Reform proposals digital single market. In a series of announcements, the EU Commission has launched several reform proposals around its idea of a digital single market. Important changes are proposed in particular for copyright and telecoms regulation.
Reform proposals digital single market. New copyright reform proposals
The European Commission has launched its most wide-ranging, and controversial, package of reforms to the EU copyright regime since it started its Digital Single Market project in late 2015. While the latest proposals had been leaked over the past few weeks, there are number of significant changes made to them in the official version of the reforms published today, 14 September 2016.
Anyone looking for an overarching attempt to recast copyright law or alter the overall balance between rights holders and platforms will be disappointed. Instead, we see issue-specific reforms touching on a number of areas of copyright. What we can expect to see in the next couple of years is a European copyright regime which, from the surface, looks similar to what we currently have but has been amended in significant ways in numerous pockets, of which amongst the most controversial and high-profile will be (i) a new right for press publishers to prevent online uses of their publications; (ii) imposing extra obligations on platforms who seek to rely on the EU’s safe harbour protection; (iii) country of origin rights clearance for broadcasters’ online simulcasting and catch-up; and (iv) measures to improve the position of authors under contracts for the commercialisation of their works.
There are also new proposals about non-commercial text data mining, and those concerning content portability and geo-blocking from earlier this year. The copyright reform project is finally taking shape.
Reform proposals digital single market. New right for press publishers
Member states will be required to provide “publishers of press publications” with the reproduction and making available to the public rights already provided to authors, performers, film and record producers and broadcasters “for the online use of their press publications”.
It is intended to provide press publishers with an additional legal right on which they can rely to secure payment of licence fees from search engines and other intermediaries and aggregators who reproduce or make available their content.
The right would last for 20 years from publication. It exists alongside the rights authors and other rightholders already have in the content of the publications. The exceptions in the Copyright Directive apply equally to this right.
A “press publication” is defined to be a “fixation of a collection” of journalistic works. The use of the words “fixation” and “collection” are particularly uncertain.
It is very unclear from this definition exactly what the subject matter of this right is intended to be, unlike with the other neighbouring rights, which relate to e.g. specific and separate sound recordings or data files.
Reform proposals digital single market. While it makes sense to talk of a “fixation” of a collection of works in a print publication, that concept seems alien to an online publication which is likely to be constantly changing and isn’t fixed in any meaningful sense other than as a snapshot each time a website is viewed.
And it is unclear what the significance of there being a “collection” of works will be when it comes to determine infringement: if an aggregator takes only one work (e.g. one article) or only part of a work (e.g. an extract or the headline), does that act engage the right?

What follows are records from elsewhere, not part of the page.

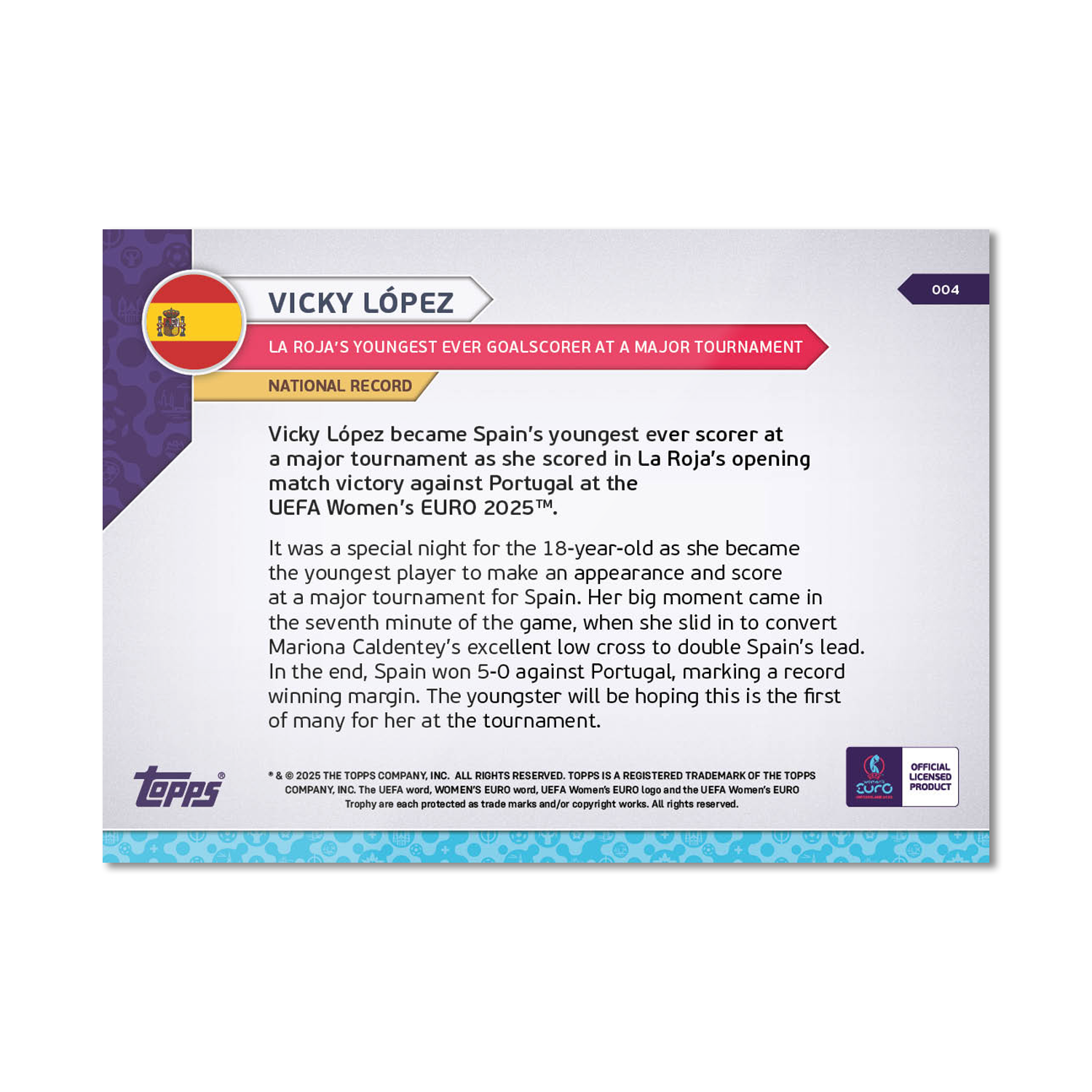 Vicky López - UEFA Women’s EURO 2025™ Topps NOW® - Card 4 - PR: 301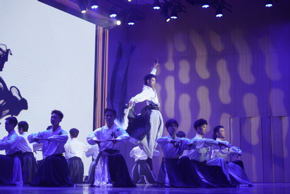长扇为笔,墨下生花。舞蹈作品《国风墨韵》通过男子群舞阳刚苍劲的表现方式,将舞蹈艺术与博大精深的中华传统文化相结合,让大家从《国风墨韵》中理解了坚韧,也从坚韧中学会了《国风墨韵》。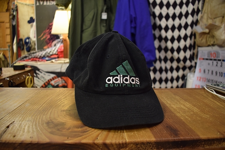 > デッドストック◎90sビンテージAdidasアディダスEQUIPMENTイクイップメント6パネルキャップフリーサイズ黒×緑アメカジストリート x977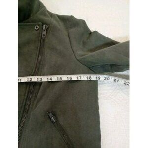 Forever 21 Olive Green Faux Suede Moto Jacket With Zipper Pockets & Belt Size L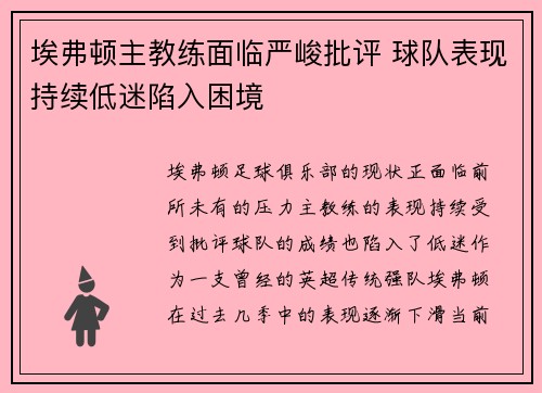 埃弗顿足球俱乐部的现状正面临前所未有的压...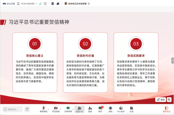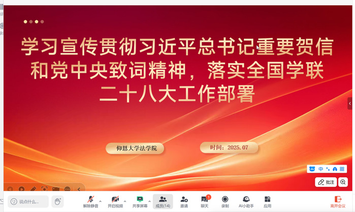 07月25日,yl23455永利集团学生会开展学习宣传贯彻习近平总书记重要贺信和党中央致词精神线上专题学习会,学生会全体学生干部参加,会议由学生会指导老师张传奇主持。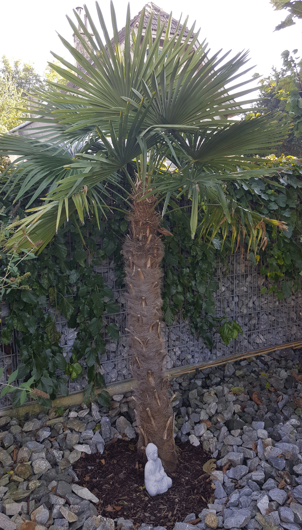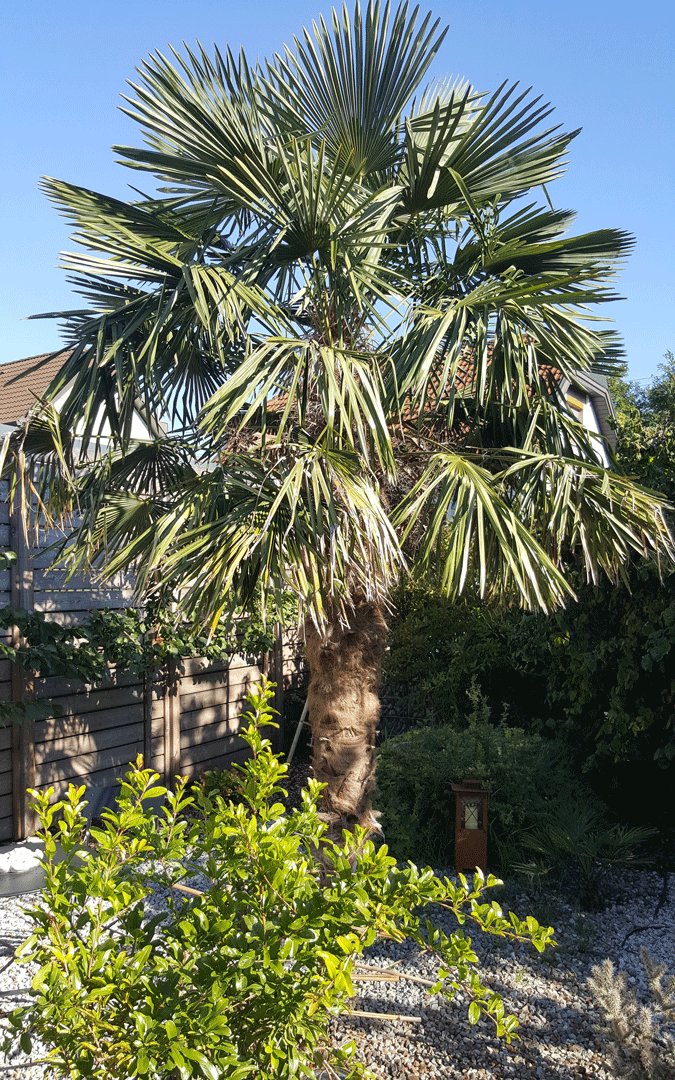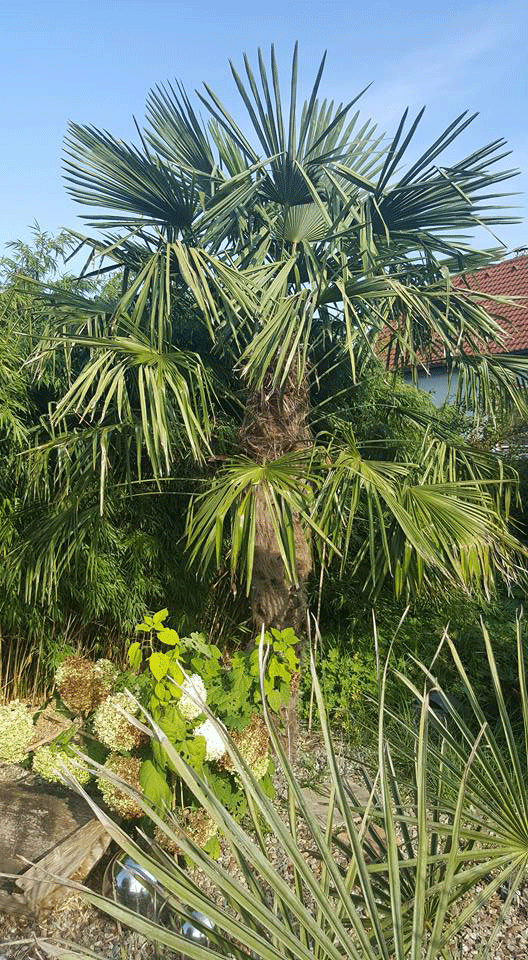 Mit dieser Palme sind wir quasi 2006 in dieses Hobby eingestiegen. Ihre gute Frostverträglichkeit macht sie nicht umsonst zur wahrscheinlich meistgepflanzten Palme in unseren Gärten. Es gilt allerdings zu beachten, dass die Pflanze vor allem in den ersten Jahren bei zu niedrigen Temperaturen einen Winterschutz bekommt. Je nach Bodenbeschaffenheit muss auch für ausreichend Bewässerung gesorgt werden.
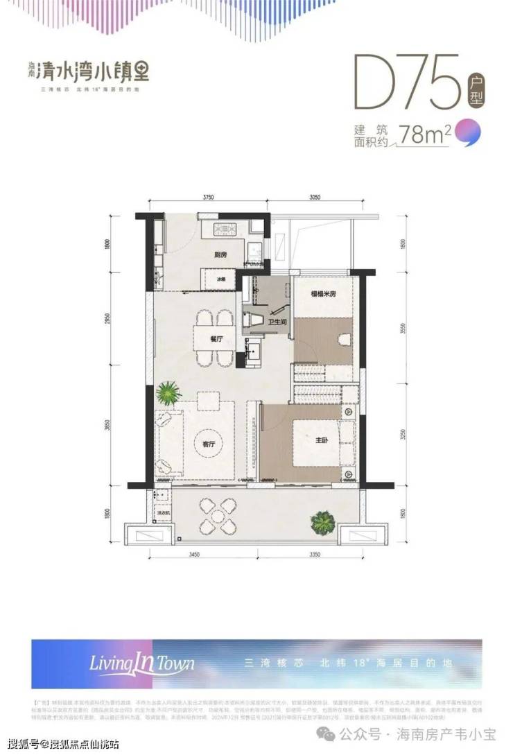 ①两房 D75 面积约78㎡,阳台面积约10㎡;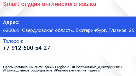 Smart, студия английского языка по адресу 620061, Свердловская область, Екатеринбург, Главная, 26 в дальнейшем Организация, размещена в следующих категориях: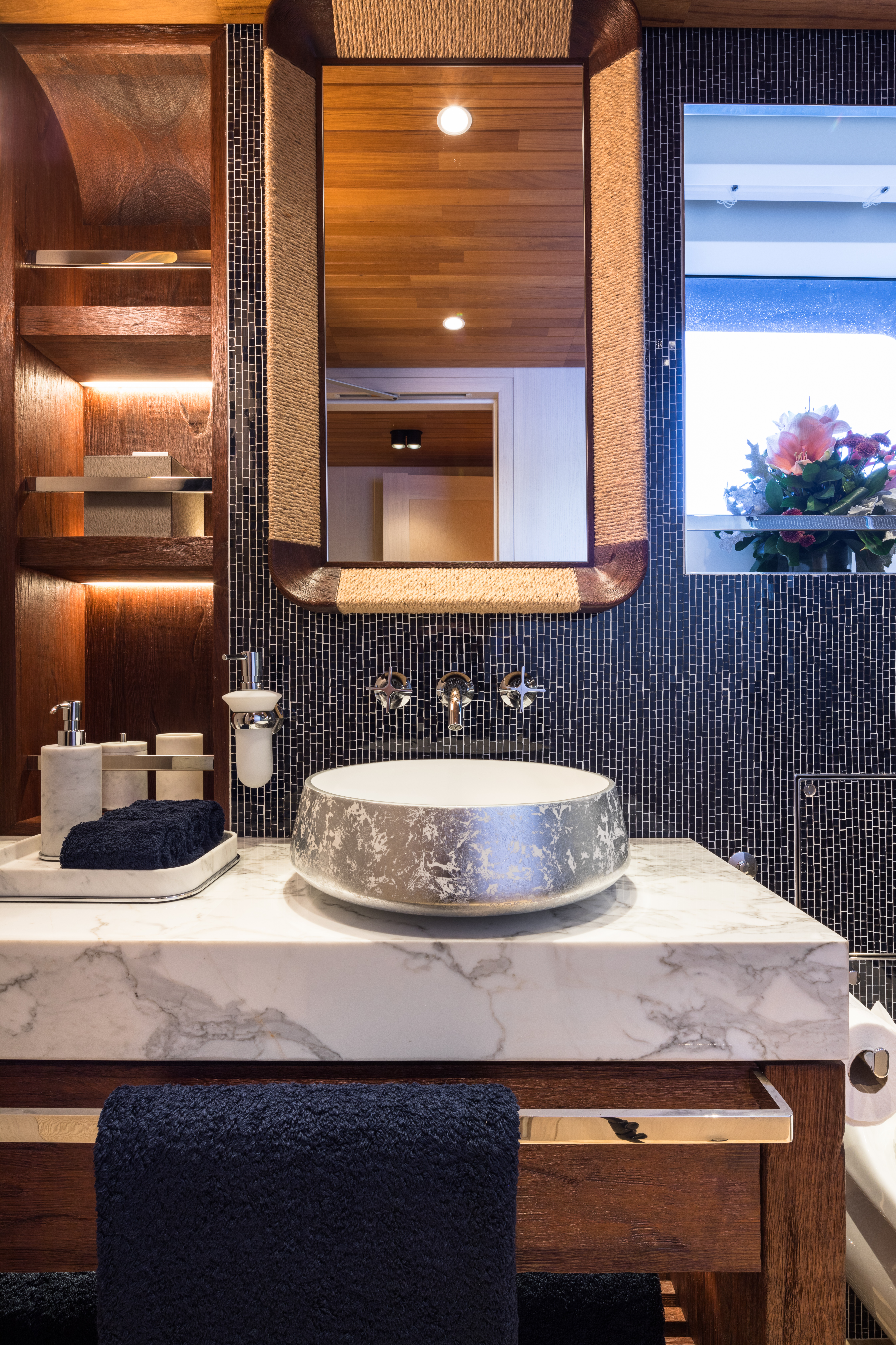 All beautifully decorated with the same aesthetic seen across the rest of the yacht, the cabins also include luxury ensuite bathrooms.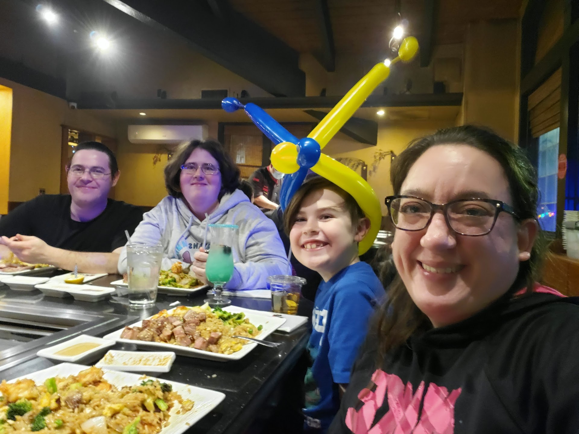 Read moreThis is a hibachi-style restaurant. You sit around a giant griddle, a waitress will take your drink orders, and then what you want to eat. Everybody pretty much orders something that's going to be cooked on the large griddle in front of you. That is why most people come here. I had a dish that was a mixture of scallops, shrimp, steak, and lobster. You have your choice of fried rice or noodles. These are all flavored with various mixtures of flavored liquids. The noodles were definitely tasty. The kids in our group were super amused. Because the cooking is done quite theatrically, with large fires at the very beginning before they start cooking anything, a lot of spatula, tapping, and flipping, flipping zucchini pieces into people's open mouths, and that sort of thing. So part of eating here is that show. If you like that sort of thing, this is definitely your place. All of the proteins that were cooked on the hibachi grill in front of us were actually cooked quite perfectly. The scallops were perfectly cooked, the steak was perfectly cooked, same with the lobster, etc. And they have a good variety to choose from. If you have a somewhat picky eater, they can just get edamame and white rice for example. They have a nice selection of sakes, but they come in a small bottle, so it's a little bit too much for a single person. They also have a number of cocktails, and they are definitely on the sweet and tropical side.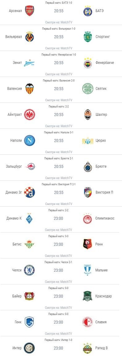 «Айнтрахт» - «Шахтёр» и «Динамо» Киев – «Олимпиакос»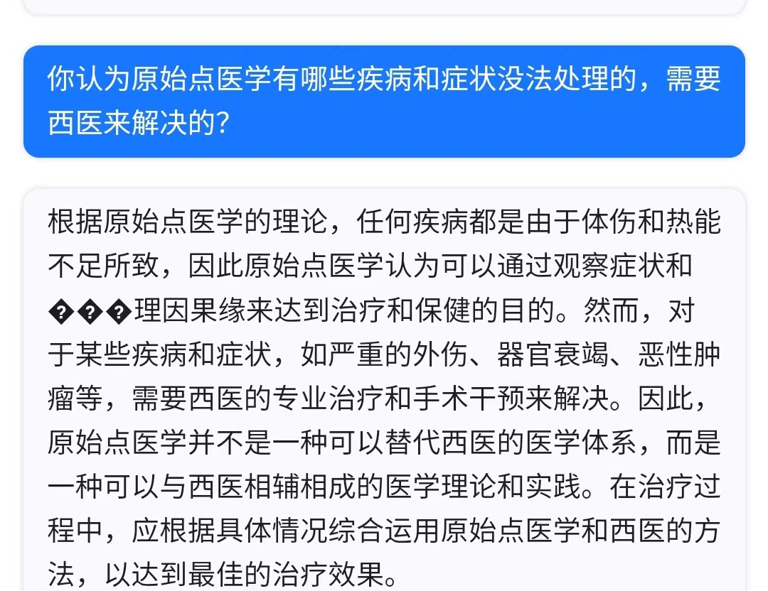 根据原始点医学的理论,任何疾病都是由于体伤和热能不足所致,因此原始点医学认为可以通过观察症状和���理因果缘来达到治疗和保健的目的。然而,对于某些疾病和症状,如严重的外伤、器官衰竭、恶性肿瘤等,需要西医的专业治疗和手术干预来解决。因此,原始点医学并不是一种可以替代西医的医学体系,而是一种可以与西医相辅相成的医学理论和实践。在治疗过程中,应根据具体情况综合运用原始点医学和西医的方法,以达到最佳的治疗效果。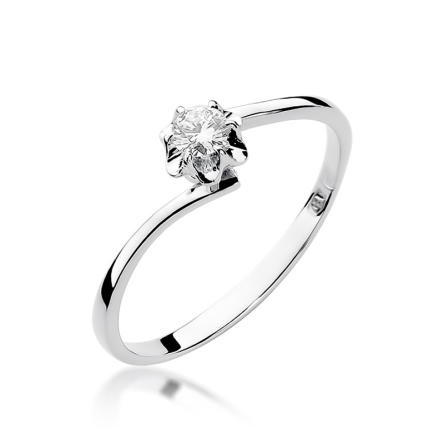 Pierścionek wykonany został z najwyższej jakości białego złota próby 585 oraz jednego brylantu o masie 0,08 ct (czystość SI2, barwa H) usytuowanego na finezyjnej oprawie przypominającej kwiat, dzięki czemu subtelny wzór pierścionka w zupełności podkreśla jego kunsztowną konstrukcję.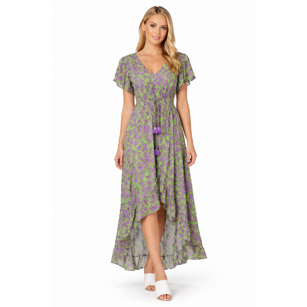 Φόρεμα κοντομάνικο maxi . Κανονική εφαρμογή.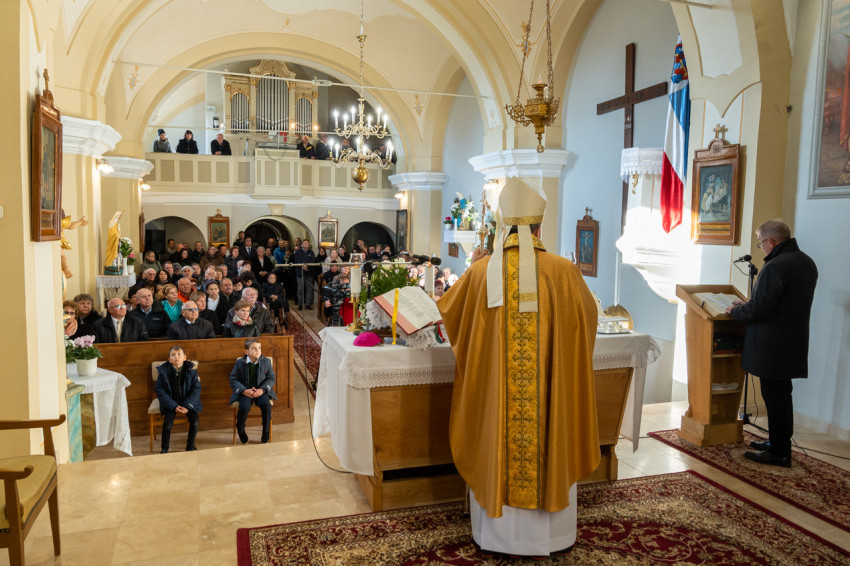 A közösség képviseletében Wilhelm József rövid beszédében felelevenítette, hogy már 2015-ben, a templom belső felújításának idején megfogalmazódott az épület külső felújításának gondolata, amit nyolc évvel később siker koronázott. A hásságyi önkormányzat képviselő-testülete 2022-ben kezdeményezte – Felföldi László pécsi megyéspüspök jóváhagyásával – az önkormányzati és egyházmegyei forrásokból, valamint magánszemélyek adakozásából megvalósuló felújítást.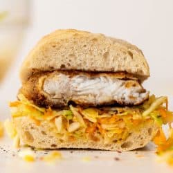 Crispy Fish Sandwiches with Chopped Banana Pepper Slaw.
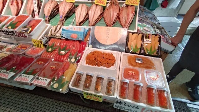 地元の物産店らしく、新鮮で質の良い海産物が豊富。土産選びに最適な場所。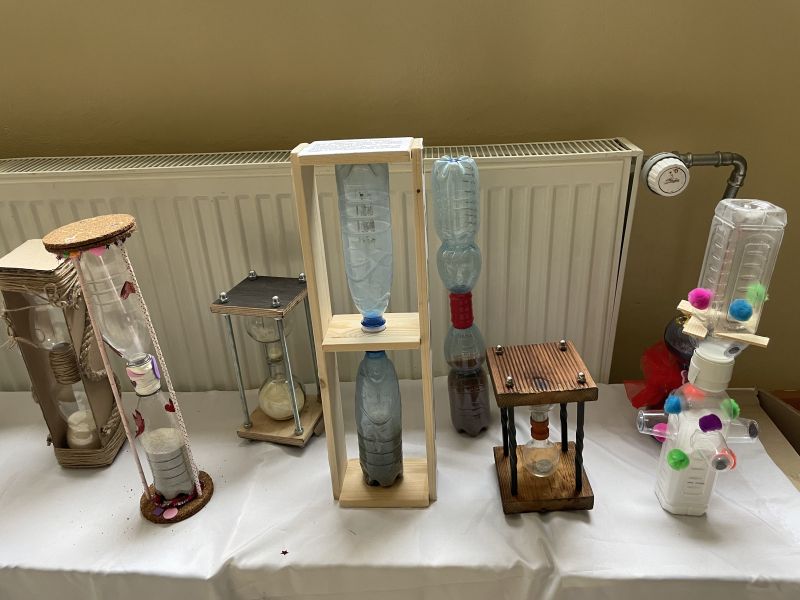 Prváci si na vyučovanie priniesli plastové fľaše, vrchnáky s dierami, náplň do presýpacích hodín (piesok, koráliky, soľ, ryžu, kryštálový cukor...), lievik a lepiacu pásku. Žiaci do fliaš pomocou lievika nasypali náplň. Dva vrchnáky z fliaš spojili lepiacou páskou a zakrútili späť na plastovú fľašu, v ktorej sa nachádzala náplň. A zhora na fľašu s náplňou a vrchnákmi prikrútili druhú fľašu – prázdnu. Týmto mali vyrobené vlastné presýpacie hodiny.

As the possible infringers of this right are not limited to search engine-type services, it is possible that any unlicensed third party online user of a news publication (e.g. of one article) could infringe the right, leading to possible claims from both the owner of the rights in the underlying content (e.g. the author) and the news publisher.
Reform proposals digital single market . What impact it will have in practice will depend on how the negotiations between publishers and online users go; the Commission believes introducing a Europe-wide right will strengthen publishers’ bargaining powers.
But the Commission hasn’t given a view on whether it believes there will be more money available for this licensing or whether it will result in the same money being spread around more rights holders.
Publishers and/or intermediaries may react to the grant of the new right by reducing the amount of accessible content and/or increasing the price of that content. For example, in Germany, the introduction of an equivalent law led some aggregators to stop listing German publications, changing how internet users accessed that content and depriving the publishers of traffic. The result was that many publishers agreed to be listed again but without charge. In Spain, introduction of a similar law led to the closure of services and the relocation of businesses to countries and markets outside the EU.
Changes compared to the leaked version: the beneficiaries of the right are no longer described as “news” publishers; instead they are “press” publishers. This is to reflect the scope of the beneficiaries of the right, which has been expanded to include publishers who “inform or entertain” on topics of “general or special interest”.
The right applies to “digital” use, rather than “online” use. This suggests that it will be possible to infringe the right when using press publications in an offline, but still electronic, environment as well online. The Commission has mentioned the impact of GS Media (see our update here) and Svensson by saying that the “protection does not extend to acts of hyperlinking which do not constitute communication to the public.”